SUPPLIED MATERIAL:

————

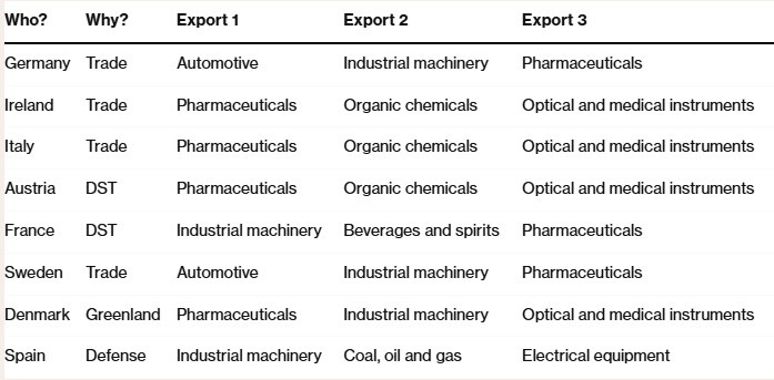Τα τρία κύρια ζητήματα του Τραμπ με την Ευρώπη είναι τα εμπορικά πλεονάσματα, οι φόροι ψηφιακών υπηρεσιών και οι αμυντικές δαπάνες. Υπό αυτό το πρίσμα, οι αναλυτές του Bloomberg Economics επικαλούνται οκτώ χώρες στις οποίες θα μπορούσε να επικεντρωθεί, συμπεριλαμβανομένων της Γερμανίας, της Ιρλανδίας και της Ιταλίας, και στη συνέχεια μελέτησαν τις κύριες εξαγωγές τους στις ΗΠΑ.
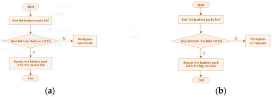 Pack-level balancing algorithm: (a) discharging mode; (b) charging mode.
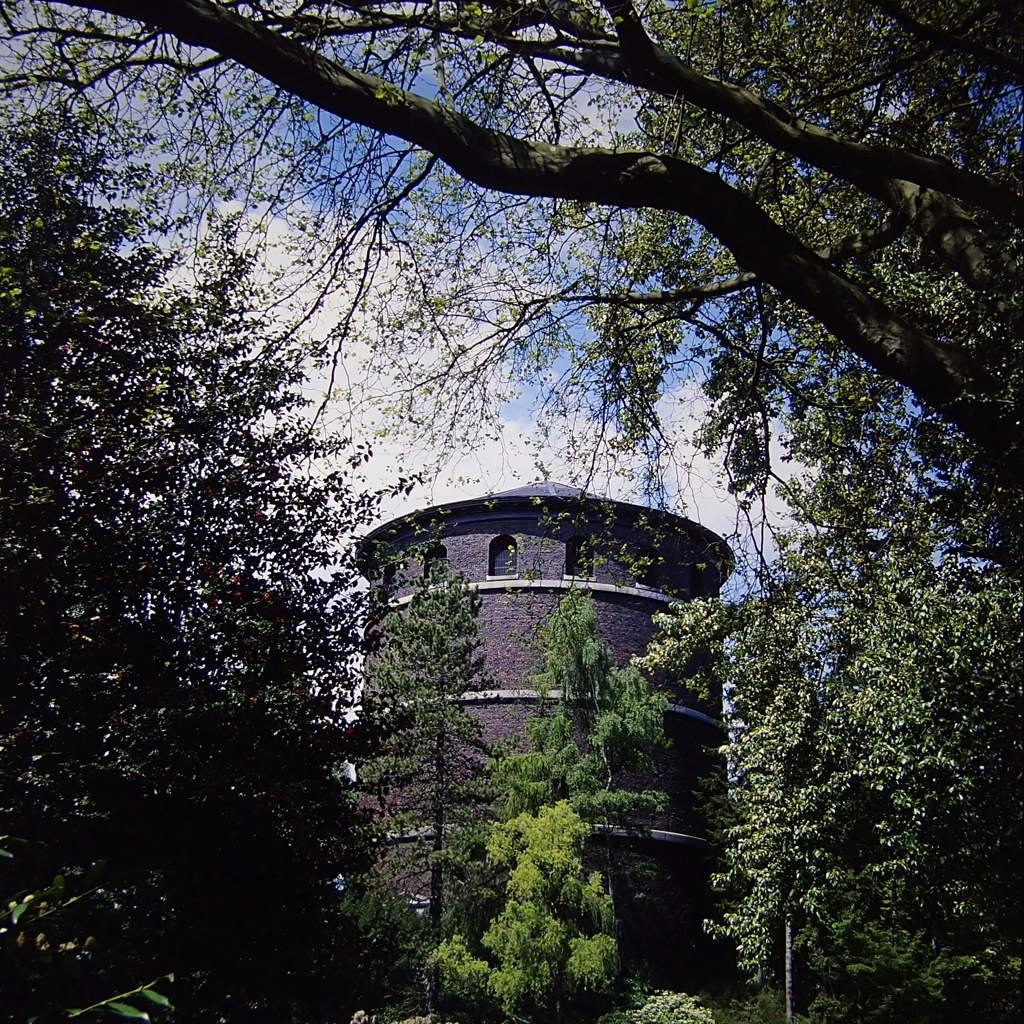 Volunteer Park Water Tower built in 1906 was located where JC Olmsted recommended in order to be on axis with the lily ponds and Concourse. {Vegetation - Structure}
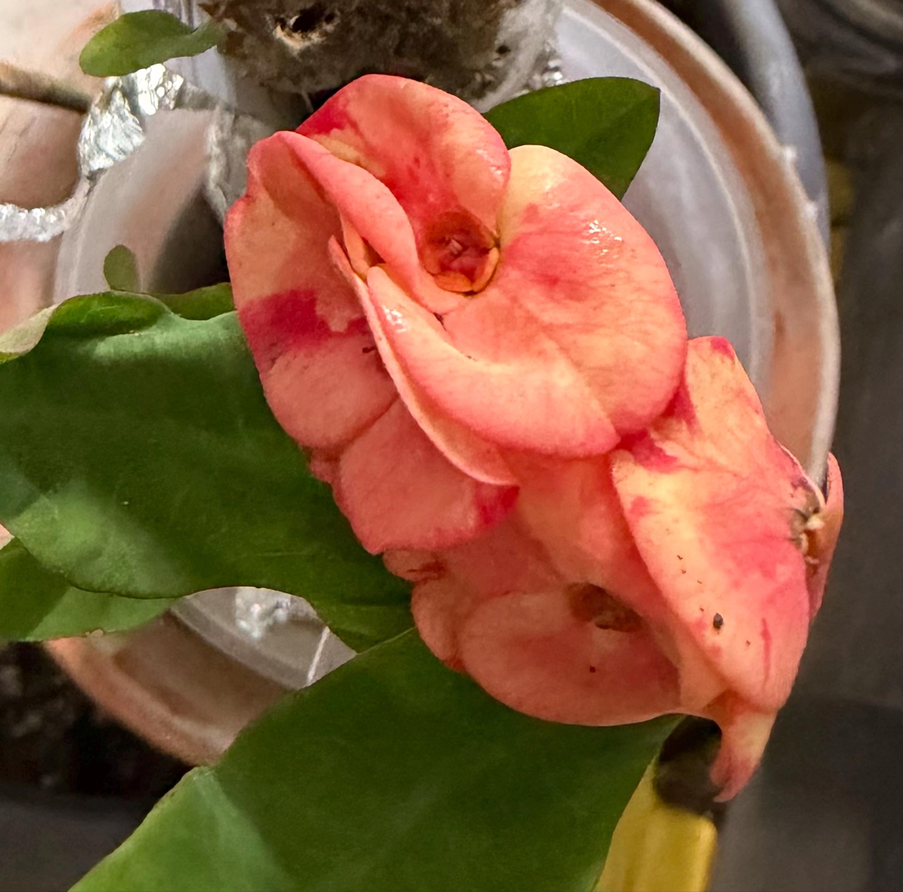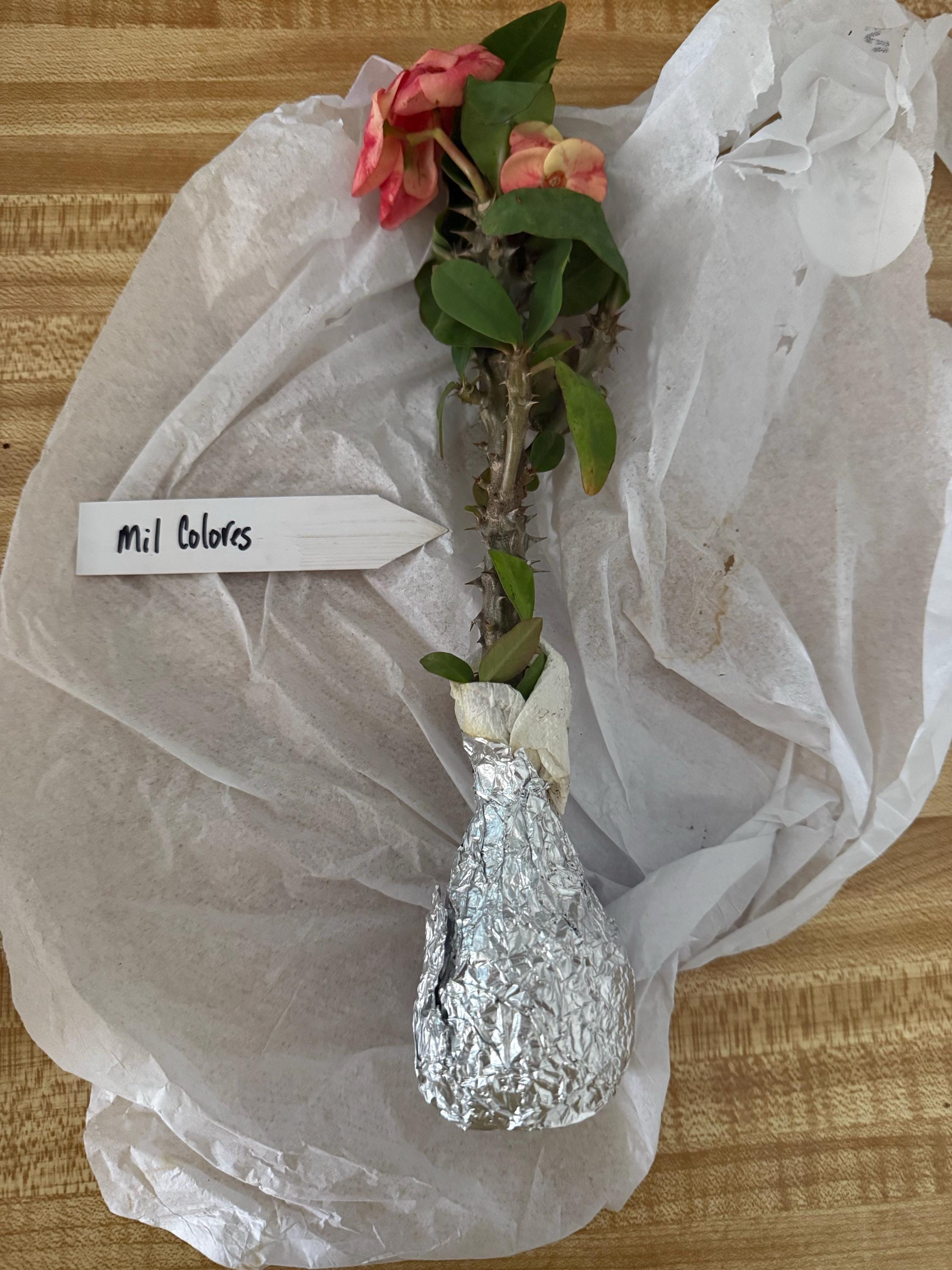 Beautiful Crown of Thorns with Large blooms. You will receive 6-10in plant with bare roots and some soil. This plant is drought tolerant. Full sun is needed, Use a well-draining potting mix containing perlite, and/or pine bark, soil must be drained before planting and weekly watering during hot weather.
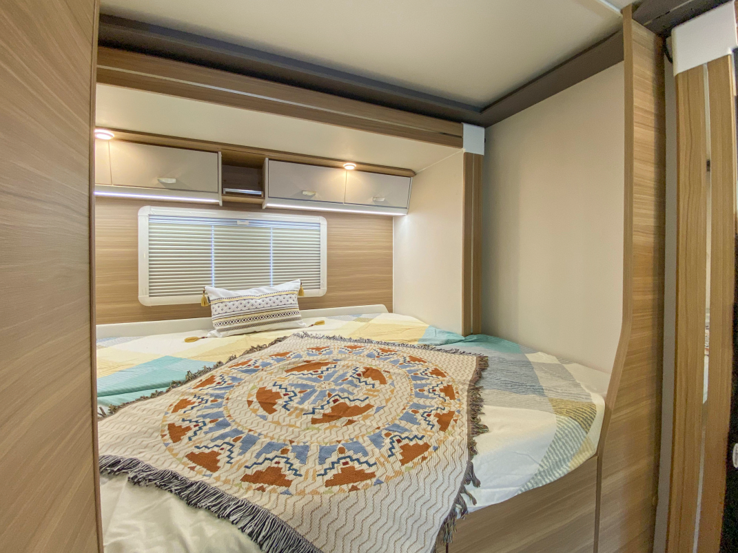 位于车尾后拓展区的双人床,拓展后,双人床面积超大,可容纳2-3人使用,两侧与后方还均加装加大通风换气窗,保证此处的采光与通风效果。上方还设有储物柜,满足一家人出行的储物空间。
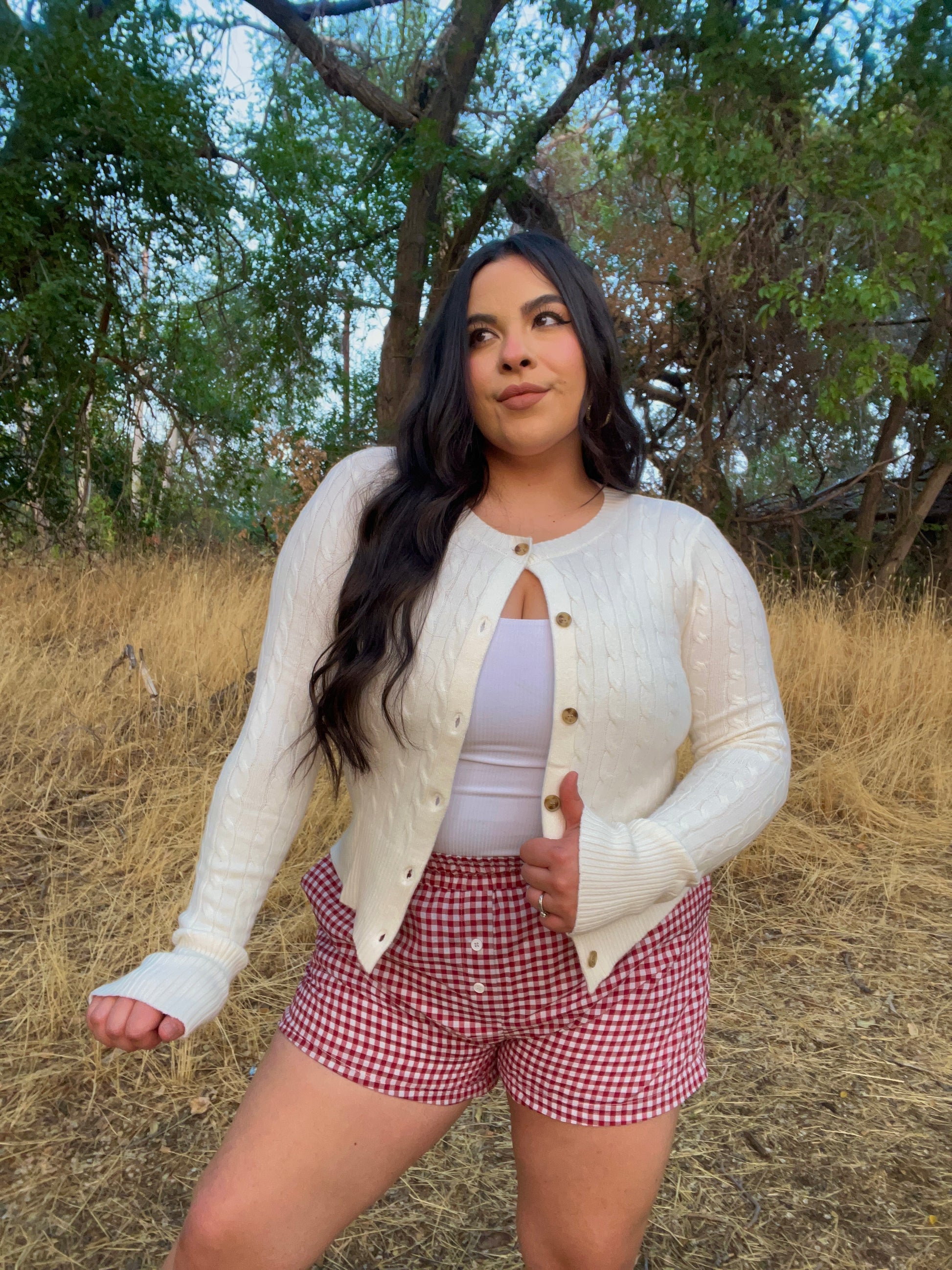 The cutest shorts for spring & summer. These woven gingham boxer short are fresh comfortable and stylish. Skip the denim shorts & wear these! Have an elastic waistband with a high rise relaxed fit. Shorts are fully lined with functional pockets on sides. Definitely a must have!

————

TASK:
I'd like the data above duplicated exactly, with no pictures included.

ANSWER SECTION:
Τα τρία κύρια ζητήματα του Τραμπ με την Ευρώπη είναι τα εμπορικά πλεονάσματα, οι φόροι ψηφιακών υπηρεσιών και οι αμυντικές δαπάνες. Υπό αυτό το πρίσμα, οι αναλυτές του Bloomberg Economics επικαλούνται οκτώ χώρες στις οποίες θα μπορούσε να επικεντρωθεί, συμπεριλαμβανομένων της Γερμανίας, της Ιρλανδίας και της Ιταλίας, και στη συνέχεια μελέτησαν τις κύριες εξαγωγές τους στις ΗΠΑ.
 Pack-level balancing algorithm: (a) discharging mode; (b) charging mode.
 Volunteer Park Water Tower built in 1906 was located where JC Olmsted recommended in order to be on axis with the lily ponds and Concourse. {Vegetation - Structure}
 Beautiful Crown of Thorns with Large blooms. You will receive 6-10in plant with bare roots and some soil. This plant is drought tolerant. Full sun is needed, Use a well-draining potting mix containing perlite, and/or pine bark, soil must be drained before planting and weekly watering during hot weather.
 位于车尾后拓展区的双人床,拓展后,双人床面积超大,可容纳2-3人使用,两侧与后方还均加装加大通风换气窗,保证此处的采光与通风效果。上方还设有储物柜,满足一家人出行的储物空间。
 The cutest shorts for spring & summer. These woven gingham boxer short are fresh comfortable and stylish. Skip the denim shorts & wear these! Have an elastic waistband with a high rise relaxed fit. Shorts are fully lined with functional pockets on sides. Definitely a must have!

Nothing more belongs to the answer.